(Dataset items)
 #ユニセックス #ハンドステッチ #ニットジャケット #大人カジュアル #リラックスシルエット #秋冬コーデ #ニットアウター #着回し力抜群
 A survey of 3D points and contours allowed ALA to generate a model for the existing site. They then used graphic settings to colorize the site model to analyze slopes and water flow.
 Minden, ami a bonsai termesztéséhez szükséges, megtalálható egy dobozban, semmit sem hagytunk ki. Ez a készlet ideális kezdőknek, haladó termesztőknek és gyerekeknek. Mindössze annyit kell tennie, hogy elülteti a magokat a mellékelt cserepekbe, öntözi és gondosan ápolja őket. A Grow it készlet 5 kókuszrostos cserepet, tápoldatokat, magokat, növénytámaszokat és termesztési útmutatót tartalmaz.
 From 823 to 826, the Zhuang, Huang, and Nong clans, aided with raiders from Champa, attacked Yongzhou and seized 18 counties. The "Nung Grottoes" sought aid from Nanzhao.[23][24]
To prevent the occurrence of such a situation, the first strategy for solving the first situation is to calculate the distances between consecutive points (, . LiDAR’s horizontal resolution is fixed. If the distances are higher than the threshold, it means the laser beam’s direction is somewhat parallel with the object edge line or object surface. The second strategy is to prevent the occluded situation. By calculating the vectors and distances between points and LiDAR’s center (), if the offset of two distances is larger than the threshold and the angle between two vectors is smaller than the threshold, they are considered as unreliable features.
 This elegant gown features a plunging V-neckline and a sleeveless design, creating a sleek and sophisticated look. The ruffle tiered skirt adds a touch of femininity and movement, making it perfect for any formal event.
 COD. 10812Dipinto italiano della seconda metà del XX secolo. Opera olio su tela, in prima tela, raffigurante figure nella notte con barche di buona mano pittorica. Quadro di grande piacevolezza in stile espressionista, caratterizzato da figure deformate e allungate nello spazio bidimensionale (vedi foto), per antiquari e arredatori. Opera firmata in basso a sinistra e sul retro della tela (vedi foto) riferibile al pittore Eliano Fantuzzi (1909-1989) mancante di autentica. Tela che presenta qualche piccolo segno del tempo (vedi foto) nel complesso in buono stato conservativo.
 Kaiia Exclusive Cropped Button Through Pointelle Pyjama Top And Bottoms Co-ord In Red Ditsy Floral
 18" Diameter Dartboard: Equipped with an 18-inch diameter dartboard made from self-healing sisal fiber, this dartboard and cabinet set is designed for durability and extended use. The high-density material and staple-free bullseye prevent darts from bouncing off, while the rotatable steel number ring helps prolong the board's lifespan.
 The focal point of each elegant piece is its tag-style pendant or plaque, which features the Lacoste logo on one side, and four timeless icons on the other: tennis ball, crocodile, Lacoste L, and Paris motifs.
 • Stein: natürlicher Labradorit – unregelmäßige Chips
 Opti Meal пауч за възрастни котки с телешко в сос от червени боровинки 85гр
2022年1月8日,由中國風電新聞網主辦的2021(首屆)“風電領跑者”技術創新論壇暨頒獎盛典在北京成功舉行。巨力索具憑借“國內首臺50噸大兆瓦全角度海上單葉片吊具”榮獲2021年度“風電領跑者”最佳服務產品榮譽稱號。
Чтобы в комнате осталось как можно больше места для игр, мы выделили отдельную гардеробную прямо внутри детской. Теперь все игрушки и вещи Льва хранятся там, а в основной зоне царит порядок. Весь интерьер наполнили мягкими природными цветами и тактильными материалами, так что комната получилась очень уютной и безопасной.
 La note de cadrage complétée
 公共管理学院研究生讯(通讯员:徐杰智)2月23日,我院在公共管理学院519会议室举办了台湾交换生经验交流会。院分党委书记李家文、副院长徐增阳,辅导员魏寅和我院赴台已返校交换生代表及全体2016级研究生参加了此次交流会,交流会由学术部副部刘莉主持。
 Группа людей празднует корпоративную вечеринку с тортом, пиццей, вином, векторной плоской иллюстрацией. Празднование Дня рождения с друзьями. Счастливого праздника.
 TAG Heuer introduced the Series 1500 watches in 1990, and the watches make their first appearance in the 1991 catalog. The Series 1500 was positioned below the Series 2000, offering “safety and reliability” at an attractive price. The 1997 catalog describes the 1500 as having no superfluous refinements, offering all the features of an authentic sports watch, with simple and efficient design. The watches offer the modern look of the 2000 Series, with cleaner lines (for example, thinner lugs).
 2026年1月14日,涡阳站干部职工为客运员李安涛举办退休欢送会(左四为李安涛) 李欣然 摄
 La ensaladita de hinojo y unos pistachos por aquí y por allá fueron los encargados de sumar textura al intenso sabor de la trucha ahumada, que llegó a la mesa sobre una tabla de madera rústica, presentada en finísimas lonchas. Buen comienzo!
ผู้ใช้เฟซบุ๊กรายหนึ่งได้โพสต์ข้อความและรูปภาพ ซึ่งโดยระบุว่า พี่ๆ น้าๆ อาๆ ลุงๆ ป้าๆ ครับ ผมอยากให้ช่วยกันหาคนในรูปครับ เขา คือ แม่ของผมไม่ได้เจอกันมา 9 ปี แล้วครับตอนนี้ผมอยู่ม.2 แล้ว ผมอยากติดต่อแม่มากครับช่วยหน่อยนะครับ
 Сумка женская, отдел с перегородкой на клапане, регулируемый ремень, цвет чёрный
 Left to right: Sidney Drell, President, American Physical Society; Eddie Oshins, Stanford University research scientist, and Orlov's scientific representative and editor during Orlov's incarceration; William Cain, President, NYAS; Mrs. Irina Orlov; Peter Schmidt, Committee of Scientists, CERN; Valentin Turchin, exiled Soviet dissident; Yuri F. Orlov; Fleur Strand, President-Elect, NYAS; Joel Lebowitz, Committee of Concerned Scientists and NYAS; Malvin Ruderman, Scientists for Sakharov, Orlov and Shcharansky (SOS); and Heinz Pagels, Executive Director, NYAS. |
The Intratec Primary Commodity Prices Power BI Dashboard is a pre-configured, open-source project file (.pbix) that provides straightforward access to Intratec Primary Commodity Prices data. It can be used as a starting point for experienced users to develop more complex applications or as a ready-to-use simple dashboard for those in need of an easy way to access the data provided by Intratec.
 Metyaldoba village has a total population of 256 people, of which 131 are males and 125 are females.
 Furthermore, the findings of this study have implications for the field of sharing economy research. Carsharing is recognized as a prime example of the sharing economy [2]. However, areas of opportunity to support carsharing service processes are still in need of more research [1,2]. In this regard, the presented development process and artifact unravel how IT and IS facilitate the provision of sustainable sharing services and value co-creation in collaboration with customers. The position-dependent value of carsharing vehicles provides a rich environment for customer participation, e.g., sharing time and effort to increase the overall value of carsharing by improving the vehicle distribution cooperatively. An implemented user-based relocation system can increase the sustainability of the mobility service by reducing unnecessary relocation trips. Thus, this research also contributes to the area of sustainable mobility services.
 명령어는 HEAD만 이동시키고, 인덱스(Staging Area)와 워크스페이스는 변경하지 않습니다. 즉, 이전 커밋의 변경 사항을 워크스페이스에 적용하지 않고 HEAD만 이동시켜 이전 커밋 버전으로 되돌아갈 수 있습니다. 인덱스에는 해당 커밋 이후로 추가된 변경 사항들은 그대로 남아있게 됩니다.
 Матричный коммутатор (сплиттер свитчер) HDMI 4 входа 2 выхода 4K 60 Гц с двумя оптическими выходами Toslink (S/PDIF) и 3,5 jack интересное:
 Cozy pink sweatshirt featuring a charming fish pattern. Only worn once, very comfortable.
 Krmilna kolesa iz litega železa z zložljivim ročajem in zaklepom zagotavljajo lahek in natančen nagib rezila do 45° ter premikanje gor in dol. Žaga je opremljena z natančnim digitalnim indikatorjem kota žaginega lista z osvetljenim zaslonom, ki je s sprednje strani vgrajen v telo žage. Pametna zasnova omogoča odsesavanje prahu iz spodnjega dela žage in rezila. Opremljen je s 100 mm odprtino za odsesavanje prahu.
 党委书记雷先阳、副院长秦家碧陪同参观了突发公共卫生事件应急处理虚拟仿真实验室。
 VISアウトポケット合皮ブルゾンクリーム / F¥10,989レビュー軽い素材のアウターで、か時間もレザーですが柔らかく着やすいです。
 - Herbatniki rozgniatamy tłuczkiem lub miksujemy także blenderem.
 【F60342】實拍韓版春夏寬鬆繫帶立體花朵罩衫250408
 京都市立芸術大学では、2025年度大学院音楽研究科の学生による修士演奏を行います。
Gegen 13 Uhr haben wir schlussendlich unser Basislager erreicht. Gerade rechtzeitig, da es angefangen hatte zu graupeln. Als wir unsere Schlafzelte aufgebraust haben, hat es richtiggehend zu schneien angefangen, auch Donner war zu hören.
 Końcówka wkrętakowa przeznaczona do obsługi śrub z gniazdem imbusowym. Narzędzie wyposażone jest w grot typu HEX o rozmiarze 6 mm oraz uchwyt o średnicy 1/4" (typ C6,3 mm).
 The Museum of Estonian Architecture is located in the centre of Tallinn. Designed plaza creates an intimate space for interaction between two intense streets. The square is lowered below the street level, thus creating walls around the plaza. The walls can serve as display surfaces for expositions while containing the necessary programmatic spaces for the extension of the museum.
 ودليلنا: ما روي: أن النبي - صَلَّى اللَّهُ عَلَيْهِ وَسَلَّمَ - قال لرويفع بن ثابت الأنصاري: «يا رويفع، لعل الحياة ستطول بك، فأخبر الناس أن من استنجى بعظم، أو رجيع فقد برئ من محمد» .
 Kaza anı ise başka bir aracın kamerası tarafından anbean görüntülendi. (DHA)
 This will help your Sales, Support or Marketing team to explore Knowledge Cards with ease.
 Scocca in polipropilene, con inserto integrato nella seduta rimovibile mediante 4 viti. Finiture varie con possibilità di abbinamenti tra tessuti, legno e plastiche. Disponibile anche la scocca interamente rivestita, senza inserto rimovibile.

→ YOUR INSTRUCTIONS:
Output each line exactly, from the first line of the data down to the line that contains "From 823 to", both included.

→ OUTPUT OF THE TASK:
 #ユニセックス #ハンドステッチ #ニットジャケット #大人カジュアル #リラックスシルエット #秋冬コーデ #ニットアウター #着回し力抜群
 A survey of 3D points and contours allowed ALA to generate a model for the existing site. They then used graphic settings to colorize the site model to analyze slopes and water flow.
 Minden, ami a bonsai termesztéséhez szükséges, megtalálható egy dobozban, semmit sem hagytunk ki. Ez a készlet ideális kezdőknek, haladó termesztőknek és gyerekeknek. Mindössze annyit kell tennie, hogy elülteti a magokat a mellékelt cserepekbe, öntözi és gondosan ápolja őket. A Grow it készlet 5 kókuszrostos cserepet, tápoldatokat, magokat, növénytámaszokat és termesztési útmutatót tartalmaz.
 From 823 to 826, the Zhuang, Huang, and Nong clans, aided with raiders from Champa, attacked Yongzhou and seized 18 counties. The "Nung Grottoes" sought aid from Nanzhao.[23][24]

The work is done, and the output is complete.